** Opening RECORDS PROVIDED block **

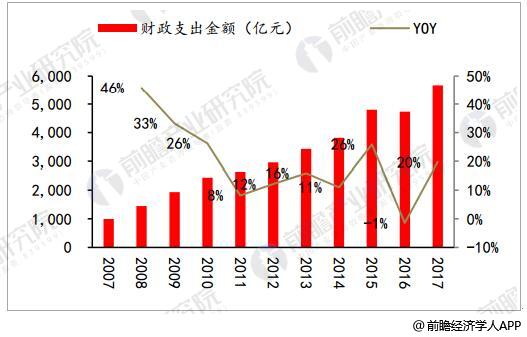 2007-2017年全國環(huán)保行業(yè)財(cái)政支出金額及增長情況
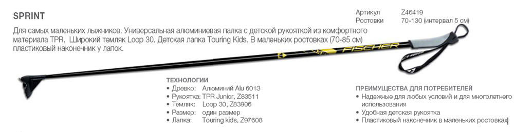 Для самых маленьких лыжников. Универсальная алюминиевая палка с детской рукояткой из комфортного материала TPR. Широкий темляк Loop 30. Детская лапка Touring Kids. В маленьких ростовках (70-85 см) пластиковый наконечник у лапок.
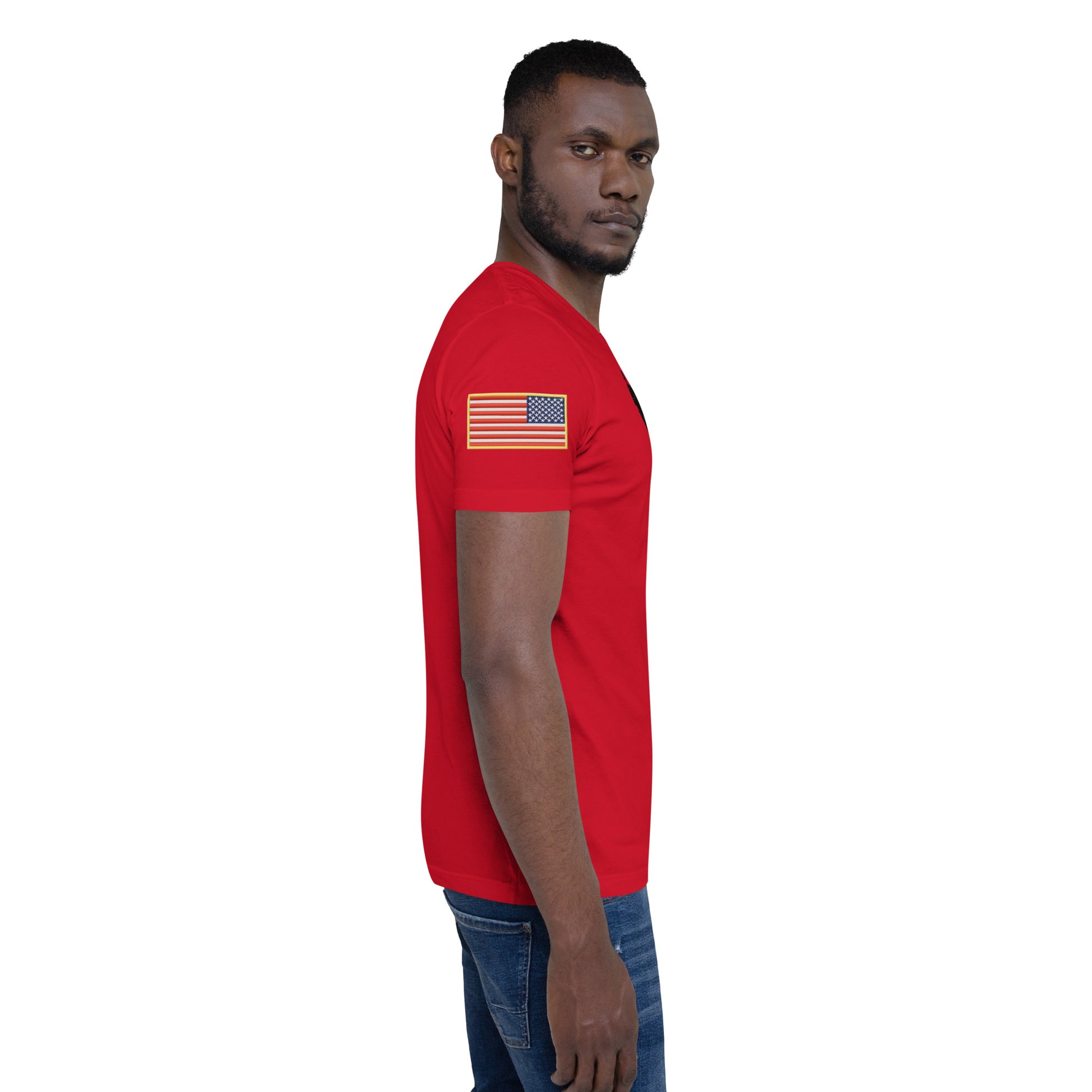 To further amplify its patriotic spirit, the American flag is boldly printed in color on the right sleeve, while our distinctive Alpha Ready Co. logo adorns the left.
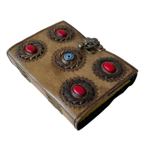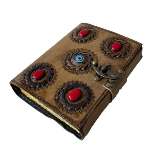 Leather Journal with Four Stones & Eye Charcoal Bound Travel Diary
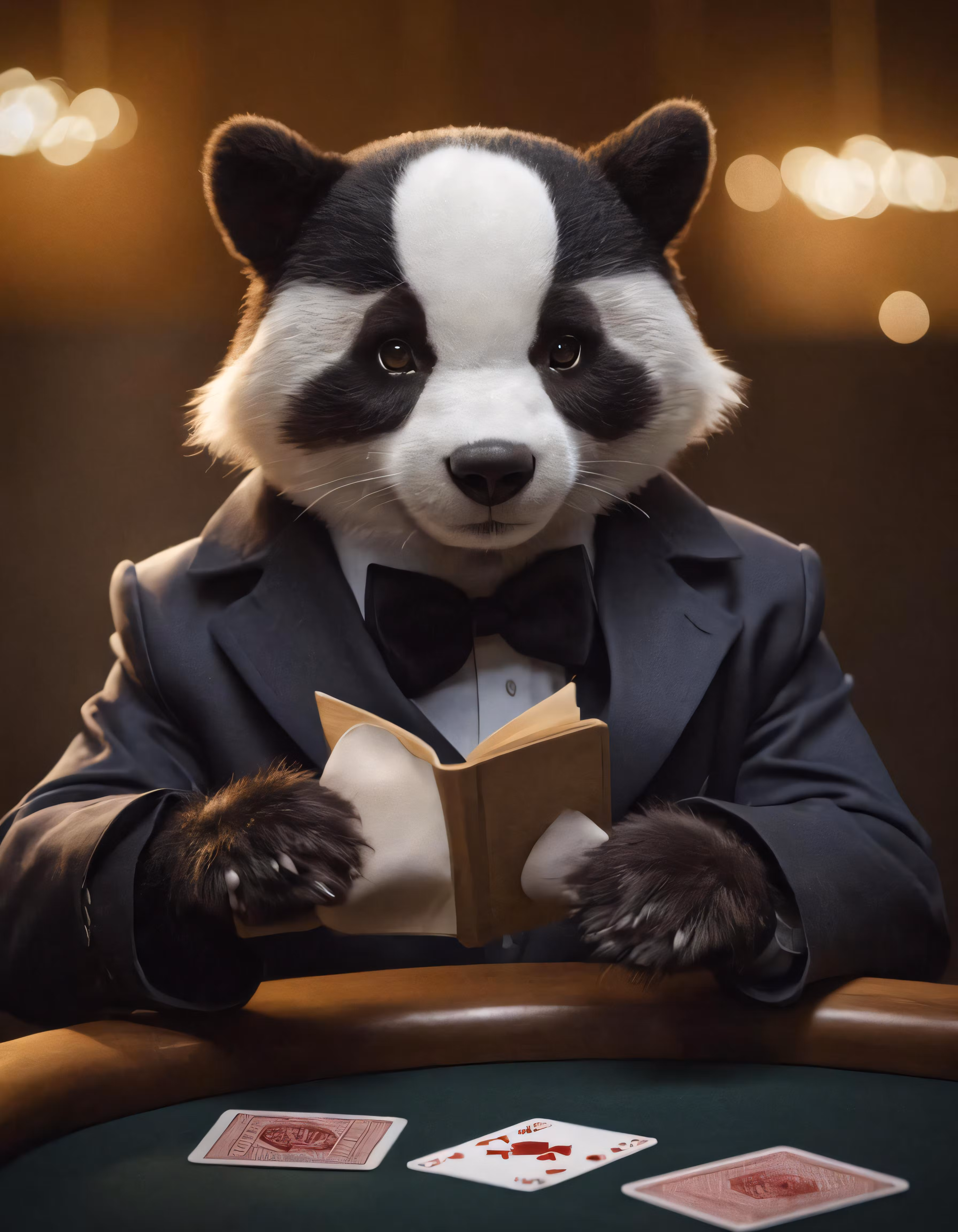 High resolution picture, free to use, a panda holding a card and a book

** Closing RECORDS PROVIDED block **

# EXERCISE DETAILS
Restate the records above exactly, less any pictures.

# PROBLEM SOLUTION
 2007-2017年全國環(huán)保行業(yè)財(cái)政支出金額及增長情況
 Для самых маленьких лыжников. Универсальная алюминиевая палка с детской рукояткой из комфортного материала TPR. Широкий темляк Loop 30. Детская лапка Touring Kids. В маленьких ростовках (70-85 см) пластиковый наконечник у лапок.
 To further amplify its patriotic spirit, the American flag is boldly printed in color on the right sleeve, while our distinctive Alpha Ready Co. logo adorns the left.
 Leather Journal with Four Stones & Eye Charcoal Bound Travel Diary
 High resolution picture, free to use, a panda holding a card and a book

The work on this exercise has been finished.